*Requirement*: Quote these lines exactly: the one that holds "Tượng/miniature chiến binh" and every line after it to the end of the material below. Skip pictures.

== Segment start ==

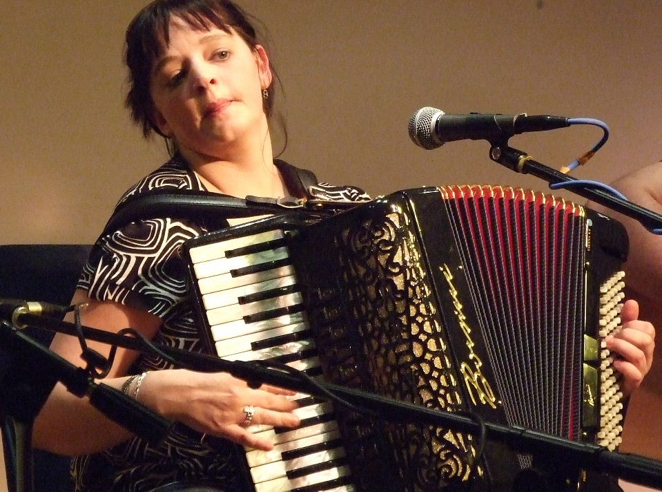 In case you were wondering, Lyra Celtica is not a brand of indigenous Scottish sportswear, but a vehicle for the virtuoso accordion playing of one time BBC Young Traditional Musician of the Year, Lynn Tocker. Accompanied by Frankie McGuire on a variety of percussion and whistles and Mark Canning on guitar, Lynn showed her credentials as a brilliant piano accordion player throughout two superb sets tonight at the Monday Music Club. As something of a wannabe guitar player myself, I could just about see what Mark was doing, albeit that bit faster than I can manage, and as a child, equipped with mums knitting needles and the arm of the sofa, I had a good idea what drumming was all about, but the piano accordion to me is a total enigma. I had no idea tonight what Lynn was doing, but it sounded good. Lynn cut her teeth on the instrument from the tender age of nine and worked with a whole bunch of extraordinary musicians in her home of Northumberland. Being exposed to the likes of Willie Taylor, Joe Hutton and Will Atkinson, as well as being a member of Kathryn Tickell’s band did no harm for the young musician, nor did her triumph in 1987 when she won her prestigious BBC award. Tonight the trio were on good form and played two excellent sets to a small and quiet but appreciative audience. Bare footed, Lynn switched from dazzlingly raucous jigs and reels (Scottish, Irish and French Canadian or somewhere closer to home) to emotive and tender ballads, during which she lovingly laid her head upon her instrument, in a gesture of complete tenderness. “Floating from Skerry”, a beautiful composition with a beautiful title, comes from the less than beautiful experience of a fifteen year old’s boat trip to Shetland with a stinking hangover, such is the manner in which tunes come to the head of Lynn Tocker. Frankie McGuire drives the sound along alternating between bodhran, bongos and jembe, as well as providing sensitive low whistle and penny whistle accompaniment. I was looking at all the strange percussion instruments at Frankie’s feet and noticed one that looked remarkably like a screwdriver. I was looking forward to hearing what sound it made, only to discover later, that it was indeed just a screwdriver, presumably for tweaking the drums! Frankie is also a fine singer of ballads and The Queen of Argyle was one of the highlights of the set. The band also premiered a new song called “When I Go”, with its potent Native American imagery. I wasn’t expecting to enjoy this band as much as I did. The years of listening to instrumental Celtic music from the Bothy Band, Planxty, Moving Hearts, Clannad, Capercaillie and an endless list of pretenders may have taken its toll on my sensibilities, but up close and very definitely live, who could not enjoy it, really?
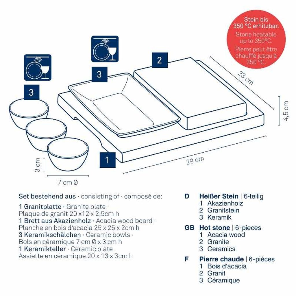 KELA Servírovací misky žhavý kámen XL Country akátové dřevo tmavě šedá 29,0x23,0x4,5cm KL-16629 Sada skládající se z žulového talíře 20x12x2,5cm h s deskou z akáciového dřeva 29 x 23 x 2cm h včetně 3 bílých keramických misek 7x3cm h 1 bílý keramický talíř 20x13x3cm h
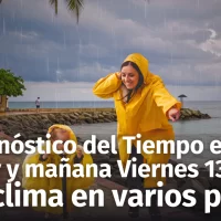 Para el martes, persistirán los efectos de la vaguada y la humedad, con desarrollo de nublados y aguaceros moderados a fuertes, acompañados de tormentas eléctricas y ráfagas de viento, especialmente en provincias como La Altagracia, El Seibo, Monte Plata, San Cristóbal, Santiago y otras del Cibao central y la frontera.
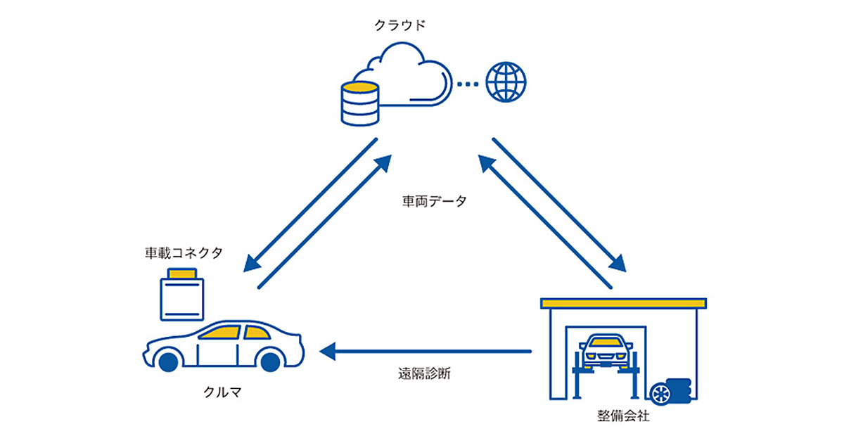 車載コネクタは収集したデータをBluetooth通信で運転者のスマートフォンに転送し、スマートフォンはLTE/3G通信でGMOクラウドが運営するサーバーに送信する。車両コンディションを自動的に解析するシステムと、自動車の状態を遠隔診断するシステムには、自動車整備会社がアクセスし、システムが有効に働くかどうかを検証する。
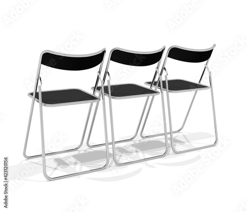 3台のパイプ椅子を斜め後ろから見た3dレンダリング
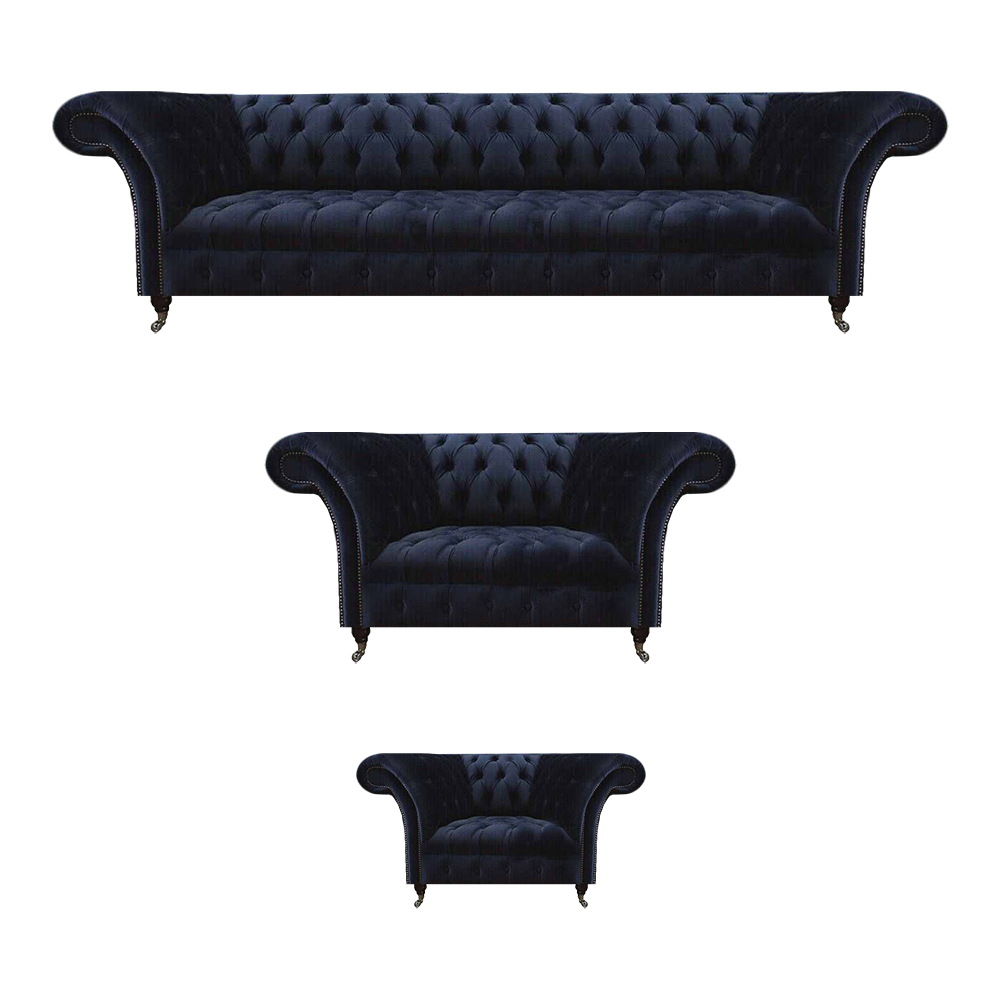 Wunnzëmmer Chesterfield Couchen Donkelblo Polster Garnitur 3 Deeler Set
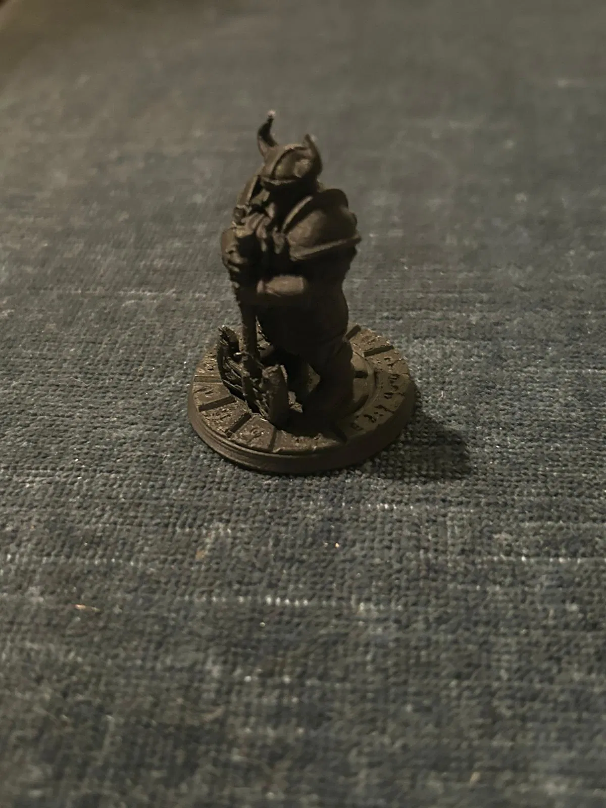 Tượng/miniature chiến binh Barbarian cho Dungeons & Dragons: giáp nặng, mũ sừng biểu tượng, dáng đứng trang nghiêm. Có bệ tròn khắc họa tiết rune cổ, phù hợp làm đạo cụ bối cảnh hoặc nhân vật chơi.
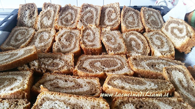 Le classiche fette biscottate all’orzo, si preparano con la pasta madre, rinfrescata o esubero di un paio di giorni al massimo, quindi si impasta una parte dell’impasto con l’orzo e poi si arrotolano i 2 impasti. Si infornano, poi si affettano e si tostano le fette. Pronte per essere gustate con un velo di marmellata o di nutella. Se ben tostate e lasciate asciugare perfettamente, si conservano croccanti a lungo ben chiuse in scatole di latta. La ricetta è di profumo di cannella
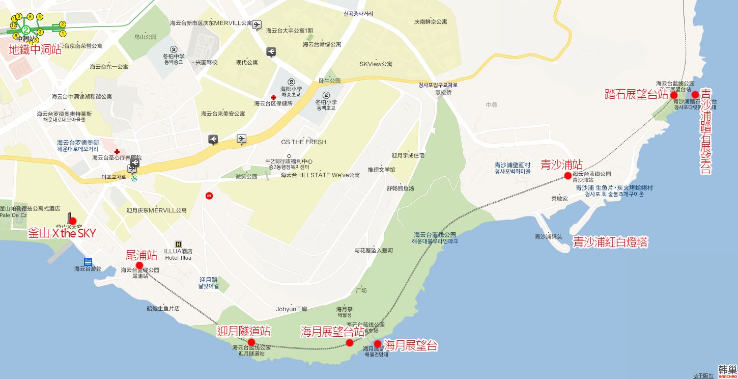 釜山的天空步道真的超多的有:松島天空步道(松島雲端散步路)、五六島天空步道、青沙浦踏石天空步道、影島天空步道、松島龍宮雲橋,以及2024年7月底開放的這一篇介紹的海月天空步道。海月展望台해월전망대(海月天空步道)的位置標示如下,它位於海雲台藍線公園 尾浦站與青沙浦站的中間,只要沿著海岸列車鐵道旁的木棧道走約一公里即可看到啦!
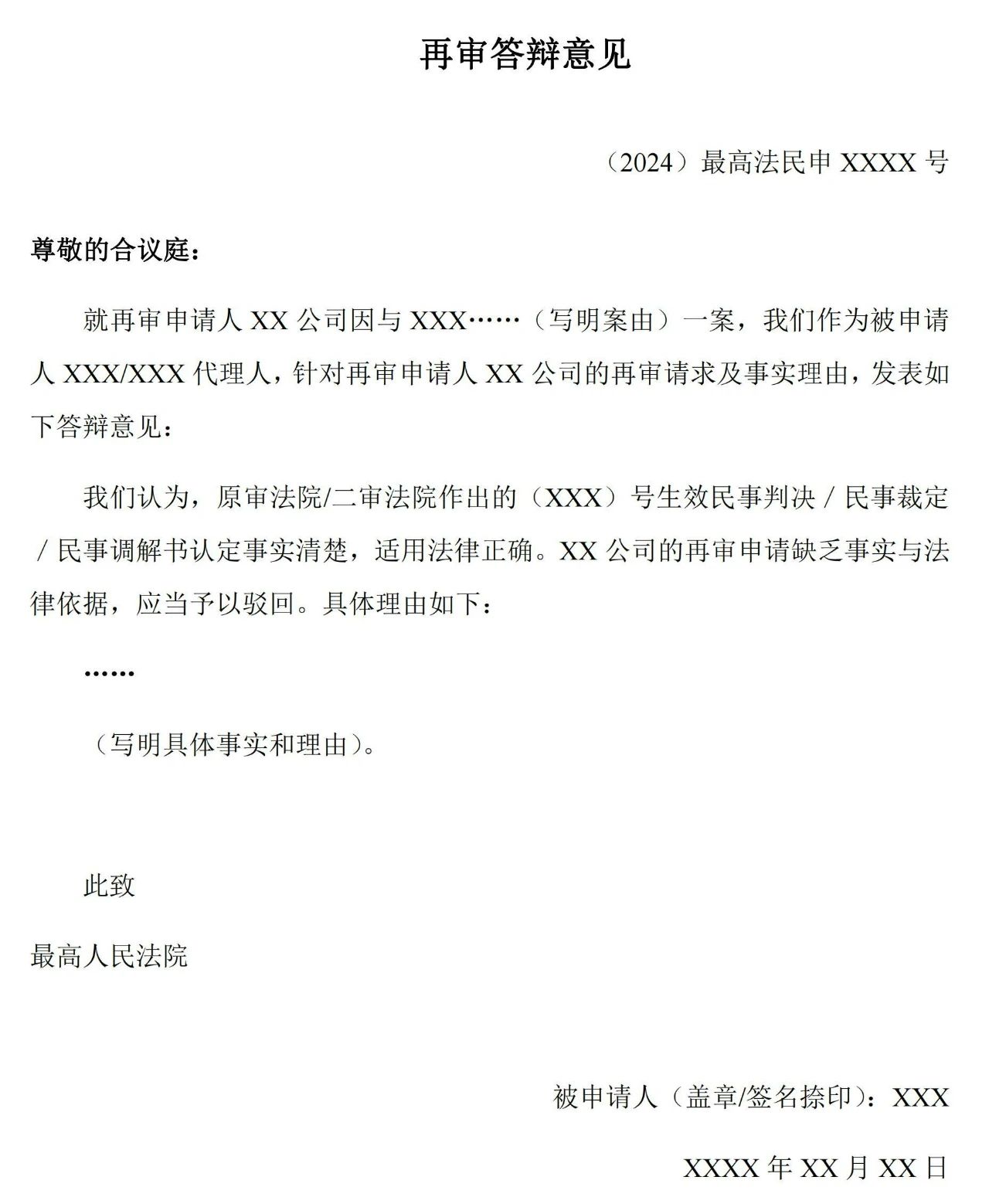 (2)答辩理由部分:再审答辩意见需要兼顾两方面,一方面针对再审申请人的再审请求及事实与理由发表意见,如再审申请人依据《民事诉讼法》第二百一十一条第(一)项“有新的证据,足以推翻原判决、裁定的”之规定申请再审,被申请人可以从证据是否符合再审新证据要求、新证据能否推翻原审认定事实等方面答辩。需要进一步说明的是,如再审申请人提出的再审事实与理由与本案争议焦点关联性不大,或者理由明显不成立,简单回应即可,不应过度纠缠,避免导致案件争议焦点不清晰。另一方面,答辩意见中应强调原生效裁判认定事实清楚,适用法律正确。如原裁判中未对相关争议问题进行充分说理,被申请人可以在答辩意见中补充说明原审情况。

== Segment end ==

*Exercise answer*:
 Tượng/miniature chiến binh Barbarian cho Dungeons & Dragons: giáp nặng, mũ sừng biểu tượng, dáng đứng trang nghiêm. Có bệ tròn khắc họa tiết rune cổ, phù hợp làm đạo cụ bối cảnh hoặc nhân vật chơi.
 Le classiche fette biscottate all’orzo, si preparano con la pasta madre, rinfrescata o esubero di un paio di giorni al massimo, quindi si impasta una parte dell’impasto con l’orzo e poi si arrotolano i 2 impasti. Si infornano, poi si affettano e si tostano le fette. Pronte per essere gustate con un velo di marmellata o di nutella. Se ben tostate e lasciate asciugare perfettamente, si conservano croccanti a lungo ben chiuse in scatole di latta. La ricetta è di profumo di cannella
 釜山的天空步道真的超多的有:松島天空步道(松島雲端散步路)、五六島天空步道、青沙浦踏石天空步道、影島天空步道、松島龍宮雲橋,以及2024年7月底開放的這一篇介紹的海月天空步道。海月展望台해월전망대(海月天空步道)的位置標示如下,它位於海雲台藍線公園 尾浦站與青沙浦站的中間,只要沿著海岸列車鐵道旁的木棧道走約一公里即可看到啦!
 (2)答辩理由部分:再审答辩意见需要兼顾两方面,一方面针对再审申请人的再审请求及事实与理由发表意见,如再审申请人依据《民事诉讼法》第二百一十一条第(一)项“有新的证据,足以推翻原判决、裁定的”之规定申请再审,被申请人可以从证据是否符合再审新证据要求、新证据能否推翻原审认定事实等方面答辩。需要进一步说明的是,如再审申请人提出的再审事实与理由与本案争议焦点关联性不大,或者理由明显不成立,简单回应即可,不应过度纠缠,避免导致案件争议焦点不清晰。另一方面,答辩意见中应强调原生效裁判认定事实清楚,适用法律正确。如原裁判中未对相关争议问题进行充分说理,被申请人可以在答辩意见中补充说明原审情况。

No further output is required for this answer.